Bengal has produced some of the best brains that India can boast of. Famous educationists have come from the state in the past, and continue to do so. Professors and researchers from the state have done commendable work both in India and outside.
However, the use of talent, hailing from the state, has been on a decline for quite some time. The golden days of Bengal in terms of education are no more. There is a lack of good teachers and institutes of high standards. Many students now go out of the state to pursue higher studies.
To bring about a change of fortune, the new government, immediately after coming to power, had initiated a series of initiatives in the education sector. From revision of syllabi to payment of salaries on the first day of the month to teachers, the initiatives have touched all aspects of education. The latest is the formation of an education commission, whose terms of reference and names of members were made public recently.
Commission for a full revamp
The basic mandate of the Education Commission of West Bengal, as it is formally called, is, in the words of the notification issued by the state government on October 1, to ‘prepare a Road Map / Vision Document for 2020 and 2030 for the State’s education sector.’
The all-encompassing commission is to provide solutions for improving the quality and infrastructure of education in the state at all levels, from primary education to mass education to madrasa education.
Objectives of the commission
The nine-point terms of mandate issued by the state government to the commission is as follows:
• To prepare a roadmap or vision document for 2020 and 2030 for all types of education in West Bengal.
• To suggest improvements in the existing system, with due stress on character-building of the youth.

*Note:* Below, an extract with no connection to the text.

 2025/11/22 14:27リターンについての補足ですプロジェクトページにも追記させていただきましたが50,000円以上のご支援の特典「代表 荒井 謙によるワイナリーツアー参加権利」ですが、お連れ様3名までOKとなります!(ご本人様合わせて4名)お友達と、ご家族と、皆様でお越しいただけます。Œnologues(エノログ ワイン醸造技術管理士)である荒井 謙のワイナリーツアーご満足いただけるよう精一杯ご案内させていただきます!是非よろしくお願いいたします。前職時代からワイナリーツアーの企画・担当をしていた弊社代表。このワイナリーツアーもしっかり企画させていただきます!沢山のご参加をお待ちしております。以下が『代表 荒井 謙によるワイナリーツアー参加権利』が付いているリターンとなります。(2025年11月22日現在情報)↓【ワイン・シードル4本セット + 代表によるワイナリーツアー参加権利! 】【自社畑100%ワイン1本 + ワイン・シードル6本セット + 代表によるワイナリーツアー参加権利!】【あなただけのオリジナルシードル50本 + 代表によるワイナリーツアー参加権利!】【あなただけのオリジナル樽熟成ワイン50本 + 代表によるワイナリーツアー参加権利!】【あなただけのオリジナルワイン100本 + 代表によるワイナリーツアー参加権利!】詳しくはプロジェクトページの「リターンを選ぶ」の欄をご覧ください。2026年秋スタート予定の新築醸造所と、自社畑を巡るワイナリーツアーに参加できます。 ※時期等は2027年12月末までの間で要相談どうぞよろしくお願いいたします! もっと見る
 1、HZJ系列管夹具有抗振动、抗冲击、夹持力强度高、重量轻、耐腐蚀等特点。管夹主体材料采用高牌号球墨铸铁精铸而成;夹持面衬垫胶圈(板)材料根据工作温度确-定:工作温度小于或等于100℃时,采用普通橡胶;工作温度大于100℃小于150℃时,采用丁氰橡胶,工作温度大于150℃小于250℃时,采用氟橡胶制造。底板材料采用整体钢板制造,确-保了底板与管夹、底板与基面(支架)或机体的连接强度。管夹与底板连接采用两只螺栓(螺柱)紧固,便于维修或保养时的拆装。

• To review the courses and curricula at all levels of education, and suggest modifications, in tune with the latest international and national trends, ‘with the objective of making education more enjoyable and tension-free’.

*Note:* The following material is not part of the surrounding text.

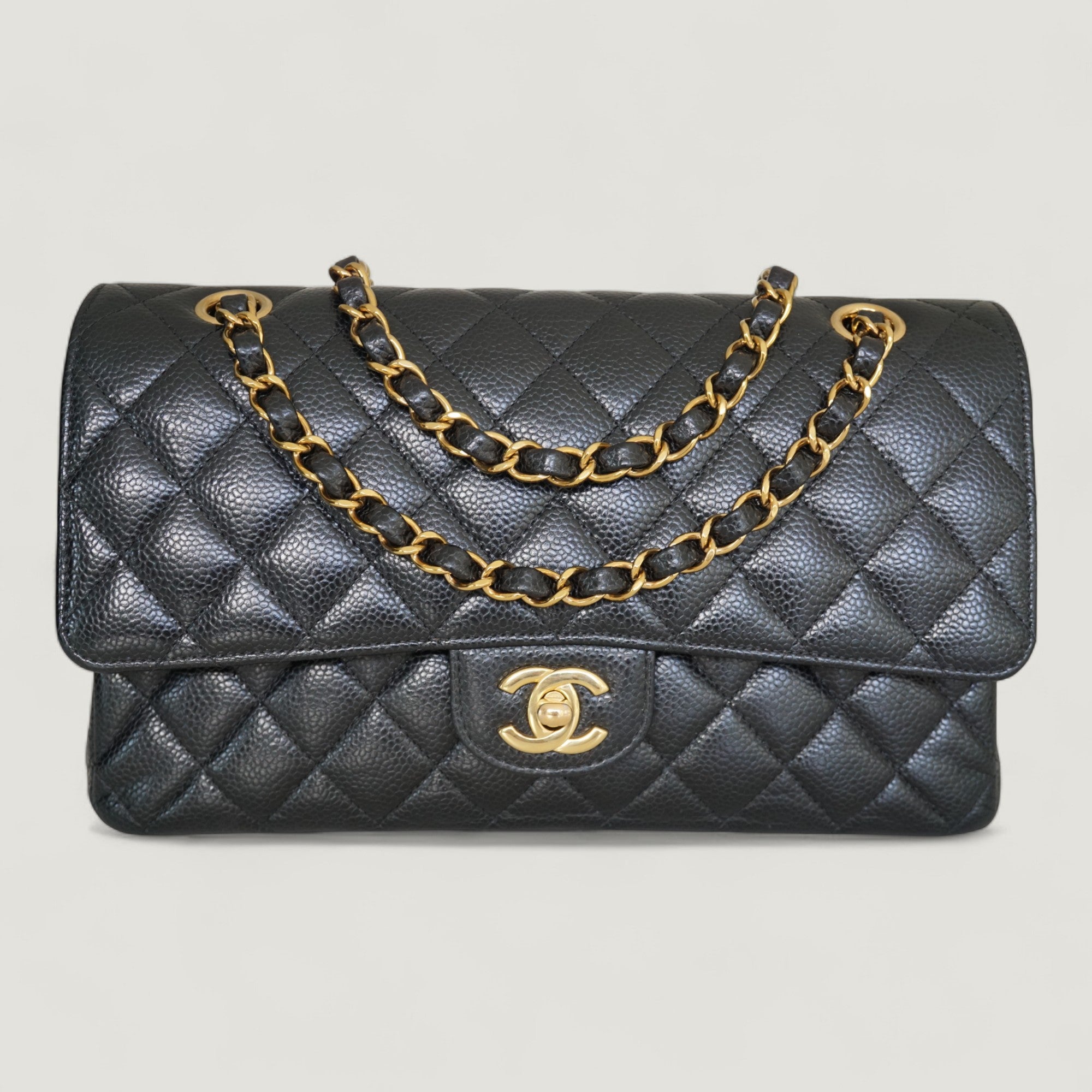 Chic, iconic and timeless. The House of Chanel, founded by Coco Chanel and followed up by Karl Lagerfeld, has grown into one of the world’s finest fashion labels. Their iconic and elegant pieces fill the wardrobes of many fashion lovers. From the Classic Double Flap handbag to the gold-plated clip-on earrings. Have a look at our collection of pre-owned and vintage Chanel pieces.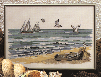 Broderikit med motiv af stranden og havet. Der flyver måger, og en lille robåd ligger i strandkanten. Ude i havet sejler 2 sejlbånde.

• To make education more industry-friendly, and harness the full potential of e-learning.
• To suggest measures to attract private investments in the education sector, so as to make the state a major educational hub.
• To study and suggest modifications to the existing Acts, rules and regulations in the education sector.

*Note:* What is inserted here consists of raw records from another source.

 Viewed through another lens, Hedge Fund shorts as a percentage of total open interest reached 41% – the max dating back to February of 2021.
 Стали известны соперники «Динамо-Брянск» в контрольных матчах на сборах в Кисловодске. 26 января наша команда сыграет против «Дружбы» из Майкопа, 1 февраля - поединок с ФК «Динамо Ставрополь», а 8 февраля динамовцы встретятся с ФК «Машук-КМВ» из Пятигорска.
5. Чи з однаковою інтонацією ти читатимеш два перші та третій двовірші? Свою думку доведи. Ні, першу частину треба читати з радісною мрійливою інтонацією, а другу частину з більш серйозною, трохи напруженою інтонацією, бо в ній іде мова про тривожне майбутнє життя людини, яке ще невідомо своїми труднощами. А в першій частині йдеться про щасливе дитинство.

• To review functioning of statutory and other bodies in order to prevent jurisdictional overlaps.
• To make the existing administrative practices more dynamic, accountable and result-oriented, through a system of incentives and disincentives.
• Any other matter the commission may want to deliberate upon.
A fresh approach
The commission has to submit its full set of recommendations within a year, as well as a preliminary report after six months.
The commission has been given full powers to formulate its own rules of functioning. The chairman has the rank and powers of a minister of state in the state government.
It is important to note that unlike the commissions set up by the Left Front governments, there is no one in the commission with any political links. Eminent academicians like Prof Samir Brahmachari, director general of the Council of Scientific and Industrial Research, Dr. Amitava Bose, former director of IIM Calcutta, Dr. John Felix Raj, principal of St. Xavier’s College, Dr. Kalyan Rudra, educationist and river expert, and several other eminent educationists make up the twelve-person commission, with the secretary of the department of higher education being the only government representative. The Commission is headed by Prof. Samir Brahmachari.
The choice of people to man the commission proves the earnest efforts of the government to make it different from the earlier ones and to try to bring about real changes in the education sector.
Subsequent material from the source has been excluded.